И вряд ли поможет моему смятению - моему смыслу - следующее рассуждение. (Нет, наверняка не поможет, как горю слезы не помогают, но может, как после рева, легче станет - вряд ли.)

Что если "я" стал бы двойником того другого меня, и тогда бы у меня возник шанс, увиливая от этого "быть", сослаться на свой оригинал? Что уж лучше пусть он будет вместо меня, - у него как у главного носителя нашей с ним общей существенности, первородного продукта нашей идеи (которая, похоже, пришла в голову смутьяну), больше прав б ы т ь, чем у меня, у копии.

И если существование вдруг захочет меня припечатать, застав в его облике, в облике оригинала то есть, то у меня будут все основания, чтобы кивнуть на себя, предыдущего, и объявить (кто запретит мне?) - теперь уже его самого - оригиналом, самому же стать и на этот раз копией, той самой искомой не-существенностью, которая не существует, а только присутствует. (Нет более удачливого объекта, чем неравного себе субъекта. Лозунг ловких жителей бреда. В этом, кажется, зерно различия - в возможности наблюдать наблюдение.)

Так бы мы с ним и стояли, как в не очень смешном фарсе на приключенческую тему, перебрасываясь бомбой с зажженным фитилем, вот-вот готовой взорваться осколочным, но убийственным существованием.

Ну, допустим, меня не будет, то как же быть с алмазами?

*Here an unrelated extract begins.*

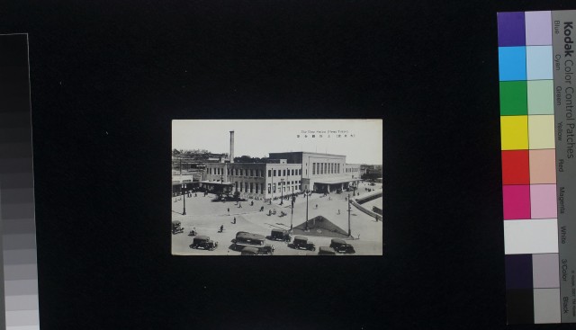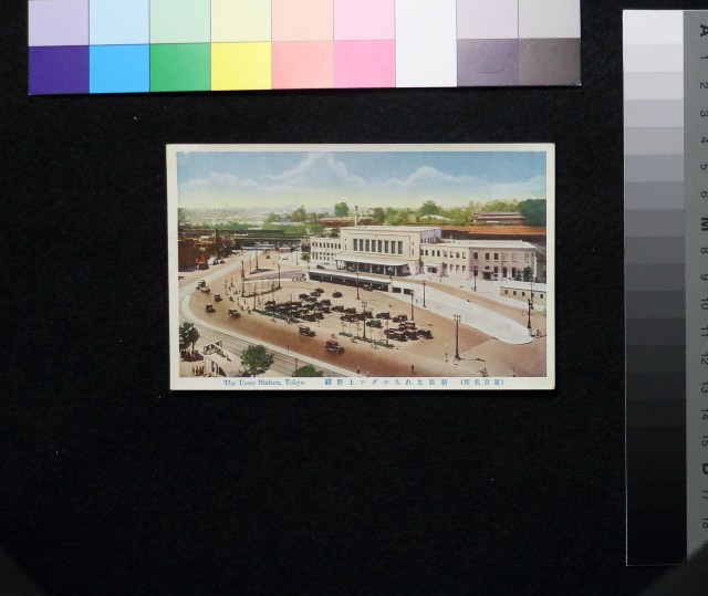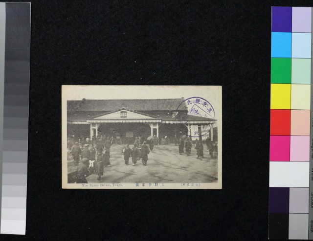 この絵はがきは昭和7年(1932)に完成した2代目の上野駅駅舎。コンコースには自動車が横付けできるようなスロープが設けられている。乗車口と降車口を上下に分け、車の平面交差を避けることで広場に地下道を設け、車と人の分離を図っていた。
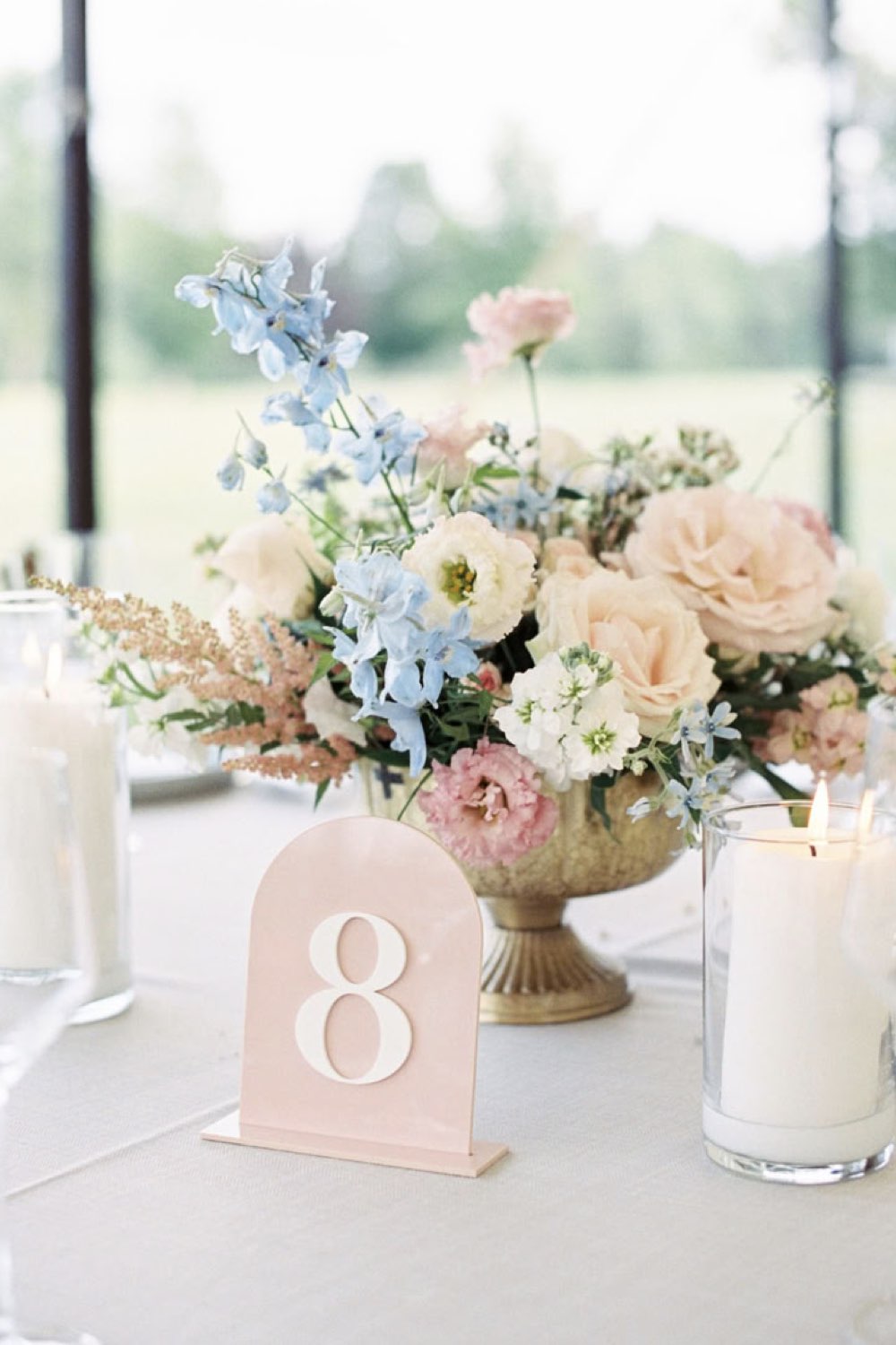 05 • Numéro de table coloré et centre de table fleuri en rose, beige et bleu

Смогу ли я сам справиться со своим отсутствием? (Слишком много вопросов, а безличных предложений не прибавляется. И вообще, поменьше вопросов. В общем-то, лучше и не спрашивать вовсе: всегда есть риск, что - ответят.)

Ну, хорошо, допустим, у меня есть карманы и алмазы в них, и нет несчастья. Куда идти? За счастьем? Чтобы забросать его алмазами? Для чего идти? (Тише, тише, мы же договорились, никаких вопросов!) Я не в сказке, чтобы не знать - зачем и куда.

Не идти? - я и сейчас никуда не иду. Несколько недель назад я застыл, превратившись в точку. Однажды задержался в прицелочной зоне и тут же попался, подвиснув намертво. Как пескарь на крючке чьей-то удачи. (Знать бы чьей!)

Случилось это, конечно, внезапно и обстоятельствами особенно обременено не было. Обычное дело: остался в незнакомом месте на ночь, а утром слишком долго пил чай, разглядывая в окне тоску. (Таковая косо парила тусклым облачным прямоугольником, кроя взгляд поверх двора-колодца на Покровке.)

А потом не смог выйти. Накрыло. В точку превратился, до нее дойдя. Я всегда знал, что главное - вовремя уйти: неподвижность самое прилипчивое и далее - самое неустранимое из претерпеваемых действий. Риск стать узником страдательного залога всегда огромен, как небо. Стать безлико претерпевающим претерпеваемое: страшная статика горя.

И все же, не то чтобы я совсем не способен эту неподвижность отбросить. Могу, конечно, могу, но только вместе с собою, собою же пренебрегая.

Я теперь весь пропитан неподвижностью. Пронзительная неподвижность, как удар, как обморок, пригвоздила меня, и я обмяк. Она съела меня, мною став. И теперь мне, до такой степени загнанному в угол, что ничего сохранения ради не оставалось делать, как стать вершиной этого угла - точкой, содержащей, держащей мою неподвижность, позарез нужны карманы. (Точка, по определению, это объект, не имеющий размера, не обладающий абсолютно никаким дополнительным местом, кроме того, в которое помещено его собственное существование. Каковое, как было отмечено, тоже весьма сомнительно - и вместе с ним сомнительно его место.)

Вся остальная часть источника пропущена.